**WORK INSTRUCTION**
The lines below from the one with "The below images" up to and including the one with "This round cocktail" are what you should set down, exactly and without pictures.

*** SOURCE RECORDS ***

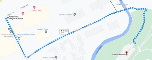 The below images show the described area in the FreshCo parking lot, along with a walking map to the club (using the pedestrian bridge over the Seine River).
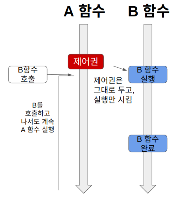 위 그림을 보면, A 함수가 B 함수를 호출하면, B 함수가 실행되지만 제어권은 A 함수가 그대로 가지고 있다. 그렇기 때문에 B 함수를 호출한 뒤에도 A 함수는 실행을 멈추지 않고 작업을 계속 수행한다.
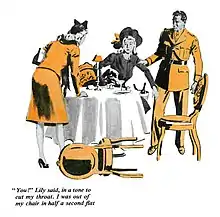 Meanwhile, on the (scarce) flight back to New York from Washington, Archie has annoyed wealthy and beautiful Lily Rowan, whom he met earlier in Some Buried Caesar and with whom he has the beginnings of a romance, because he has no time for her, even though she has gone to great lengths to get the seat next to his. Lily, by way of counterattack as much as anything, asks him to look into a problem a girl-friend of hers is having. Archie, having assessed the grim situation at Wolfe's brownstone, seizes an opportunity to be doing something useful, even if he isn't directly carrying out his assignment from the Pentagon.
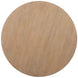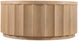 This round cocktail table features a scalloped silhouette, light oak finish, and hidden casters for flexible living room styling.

*** End of SOURCE RECORDS ***
*** SOURCE RECORDS ***

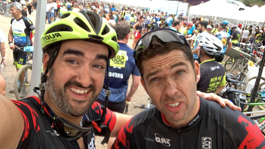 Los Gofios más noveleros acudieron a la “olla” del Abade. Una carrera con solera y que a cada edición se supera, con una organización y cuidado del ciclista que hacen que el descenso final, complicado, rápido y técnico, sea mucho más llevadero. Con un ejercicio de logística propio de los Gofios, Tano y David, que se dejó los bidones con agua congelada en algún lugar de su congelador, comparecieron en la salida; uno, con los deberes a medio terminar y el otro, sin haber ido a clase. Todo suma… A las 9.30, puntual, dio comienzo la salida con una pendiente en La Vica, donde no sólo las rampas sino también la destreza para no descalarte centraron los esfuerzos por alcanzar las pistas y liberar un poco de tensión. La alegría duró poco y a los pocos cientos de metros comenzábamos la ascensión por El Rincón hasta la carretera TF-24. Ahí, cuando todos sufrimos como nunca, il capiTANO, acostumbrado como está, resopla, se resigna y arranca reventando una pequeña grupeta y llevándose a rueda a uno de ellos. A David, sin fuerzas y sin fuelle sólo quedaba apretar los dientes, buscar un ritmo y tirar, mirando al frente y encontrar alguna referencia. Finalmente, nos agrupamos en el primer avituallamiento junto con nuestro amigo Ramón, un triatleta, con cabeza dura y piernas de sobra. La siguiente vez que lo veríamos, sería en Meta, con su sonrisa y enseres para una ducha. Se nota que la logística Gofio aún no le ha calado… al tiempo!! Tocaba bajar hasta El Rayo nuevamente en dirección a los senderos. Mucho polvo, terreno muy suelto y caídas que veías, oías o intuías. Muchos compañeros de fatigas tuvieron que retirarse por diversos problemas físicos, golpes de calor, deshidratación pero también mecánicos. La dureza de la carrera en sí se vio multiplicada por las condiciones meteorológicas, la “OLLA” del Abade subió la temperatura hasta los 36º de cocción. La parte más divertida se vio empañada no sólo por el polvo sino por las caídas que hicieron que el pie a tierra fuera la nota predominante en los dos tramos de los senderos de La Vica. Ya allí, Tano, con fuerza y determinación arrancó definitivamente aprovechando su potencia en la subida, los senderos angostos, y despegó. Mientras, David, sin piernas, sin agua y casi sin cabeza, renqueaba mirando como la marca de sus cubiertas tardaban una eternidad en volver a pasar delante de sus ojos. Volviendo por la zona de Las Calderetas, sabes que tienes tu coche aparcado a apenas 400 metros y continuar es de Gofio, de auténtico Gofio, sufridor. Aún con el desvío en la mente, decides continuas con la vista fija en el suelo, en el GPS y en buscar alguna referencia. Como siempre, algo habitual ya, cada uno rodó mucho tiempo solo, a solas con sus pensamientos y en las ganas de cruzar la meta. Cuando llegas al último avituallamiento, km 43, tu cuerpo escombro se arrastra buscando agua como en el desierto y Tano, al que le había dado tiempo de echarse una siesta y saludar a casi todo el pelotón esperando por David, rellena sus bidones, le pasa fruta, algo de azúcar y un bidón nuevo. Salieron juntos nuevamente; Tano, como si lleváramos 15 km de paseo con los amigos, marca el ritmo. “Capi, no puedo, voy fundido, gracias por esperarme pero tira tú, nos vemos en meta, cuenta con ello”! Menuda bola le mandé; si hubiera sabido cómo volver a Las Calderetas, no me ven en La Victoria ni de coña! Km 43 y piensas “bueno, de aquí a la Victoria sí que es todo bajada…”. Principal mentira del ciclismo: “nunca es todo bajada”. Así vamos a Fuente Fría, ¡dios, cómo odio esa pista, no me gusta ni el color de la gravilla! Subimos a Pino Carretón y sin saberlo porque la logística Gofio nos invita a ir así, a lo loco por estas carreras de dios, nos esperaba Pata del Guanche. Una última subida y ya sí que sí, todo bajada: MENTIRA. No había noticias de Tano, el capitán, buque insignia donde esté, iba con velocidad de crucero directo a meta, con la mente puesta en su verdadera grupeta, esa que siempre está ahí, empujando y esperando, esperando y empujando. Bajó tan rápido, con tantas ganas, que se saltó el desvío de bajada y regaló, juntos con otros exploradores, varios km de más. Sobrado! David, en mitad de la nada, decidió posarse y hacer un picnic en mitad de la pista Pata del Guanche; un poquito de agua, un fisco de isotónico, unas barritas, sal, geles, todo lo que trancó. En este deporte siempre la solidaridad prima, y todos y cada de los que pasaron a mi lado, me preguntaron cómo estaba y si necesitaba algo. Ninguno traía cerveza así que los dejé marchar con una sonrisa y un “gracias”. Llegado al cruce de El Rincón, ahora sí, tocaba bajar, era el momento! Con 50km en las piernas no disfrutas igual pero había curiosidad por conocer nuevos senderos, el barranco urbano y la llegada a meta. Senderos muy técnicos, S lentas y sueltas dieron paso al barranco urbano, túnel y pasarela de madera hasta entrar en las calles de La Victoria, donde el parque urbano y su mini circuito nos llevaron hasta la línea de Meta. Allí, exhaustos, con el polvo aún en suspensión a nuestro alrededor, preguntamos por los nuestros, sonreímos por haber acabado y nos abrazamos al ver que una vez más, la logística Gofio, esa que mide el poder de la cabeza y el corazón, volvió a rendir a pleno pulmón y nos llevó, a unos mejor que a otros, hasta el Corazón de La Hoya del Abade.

*** End of SOURCE RECORDS ***

**FINAL ANSWER**
 The below images show the described area in the FreshCo parking lot, along with a walking map to the club (using the pedestrian bridge over the Seine River).
 위 그림을 보면, A 함수가 B 함수를 호출하면, B 함수가 실행되지만 제어권은 A 함수가 그대로 가지고 있다. 그렇기 때문에 B 함수를 호출한 뒤에도 A 함수는 실행을 멈추지 않고 작업을 계속 수행한다.
 Meanwhile, on the (scarce) flight back to New York from Washington, Archie has annoyed wealthy and beautiful Lily Rowan, whom he met earlier in Some Buried Caesar and with whom he has the beginnings of a romance, because he has no time for her, even though she has gone to great lengths to get the seat next to his. Lily, by way of counterattack as much as anything, asks him to look into a problem a girl-friend of hers is having. Archie, having assessed the grim situation at Wolfe's brownstone, seizes an opportunity to be doing something useful, even if he isn't directly carrying out his assignment from the Pentagon.
 This round cocktail table features a scalloped silhouette, light oak finish, and hidden casters for flexible living room styling.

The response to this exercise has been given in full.